Davet

2.9K 225 59
                                    

                              İYİ OKUMALAR ❤️‍🩹

Olaylar hiç bir şekilde gerçeği yansıtmamaktadır bu sadece askeri bir kurgudur.

*******************

"Alin ben hamileyim." Beynimi donduran o cümle kulaklarımda yankılanıyordu. Altemurun sıkıntılı bir nefes verdiğini duydum. "Ben anne olamam Alin, bem yapamam." Arzu ağlayarak konuşmaya devam ederken işaret parmağımı sus dercesine kaldırdım.

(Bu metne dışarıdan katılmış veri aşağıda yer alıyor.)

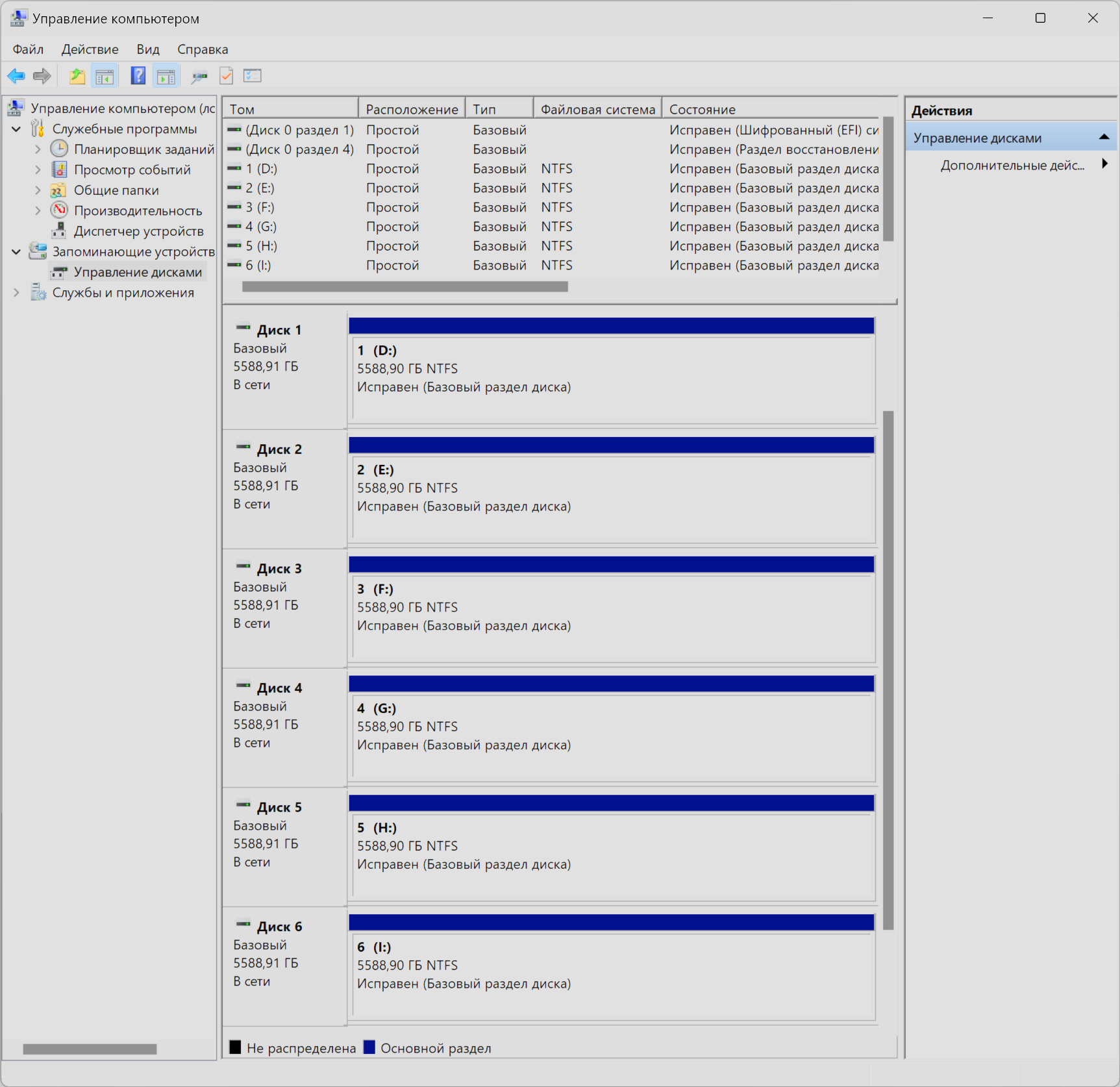 Вначале инициализируем накопители при помощи раздела «Управление дисками» утилиты «Управление компьютером», а затем объединим их в общий пул хранения.

"Çocuk kimden Arzu?" Sevgili bile yoktu bu kızın ne bebeği, ne annesi, ne babası hiç bir şey algılayamıyordum. Ama öğrenmem gereken şeyler vardı. Mesela çocuğun babası kim?

"Beni kimse sevmedi, hiç anne sevgisi göremdim." Arzu inatla soruma cevap vermiyordu sanki. Sinirden ellerim titriyordu. Tekrar sordum. "Sana çocuk kimden diyorum Arzu, cevap ver bana!"

Sesimin yüksek çıkması umrunda bile değildi. Arzu böylesine karşımda ağlıyorken kimin neyi öğrendiği umrumda değildi. "Özür dilerim, ben böyle olsun istemedim."

Arzunun cümlesiyle kafama dank eden düşünceyle duraksadım. Altemura doğru baktım benimle aynı şeyimi düşünüyordu bilmiyordum ancak, gözlerindeki elayı yakalayamdım. Çatık kaşlarıyla ve kararmış gözleriyle bakıyordu bana.

"Tecavüze mi uğradın?" Korkarak sorduğum soruya karşılık Arzu'nun ağlaması şiddetlendi. Hala bir şeyleri anlayamıyordum cevap vermemesi beni delirtiyordu.

Hıçkırıkları arasında tek bir isim söyledi "Bilal" dedi nefesiz kalıyordu devam edemedi cümlesine. Duyduğum isimle en büyük şoku geçirdim.

Altemur hızla yanımdan geçti ve Arzu bedenini daha fazla taşıyamayarak kollarıma yığıldı. İçerden gelen bağırışma selerini duyuyordum ama kıpırdayamıyordum.

"Naptın lan sen? Sikik beyinli nasıl böyle bir şey yaparsın." Altemurun öfkeyle bağırmasını duyuyordum. "Abi yapma yalvarırım." Şekerin abisine yalvarışlarını duyuyordum.

"Komutanım durun öldürüceksiniz çocuğu." Diyen Seyitin sesini duyuyordum.

Kollarımdaki Arzuyu uyandırmaya çabalamamıştım bile uyansa daha kötü şeyler görecekti. Çaylağı aramak için hızlıca oturma odasındaki telefonumu almaya gittim.

Yerde yüzü gözü kan içinde yatan Bilal üzerinde ona küfürler hakaretler sayarak yumruklayan Altemur ve onu durdurmaya çalışanları gördüm. Kimse neyin ne olduğunu anlamamıştı.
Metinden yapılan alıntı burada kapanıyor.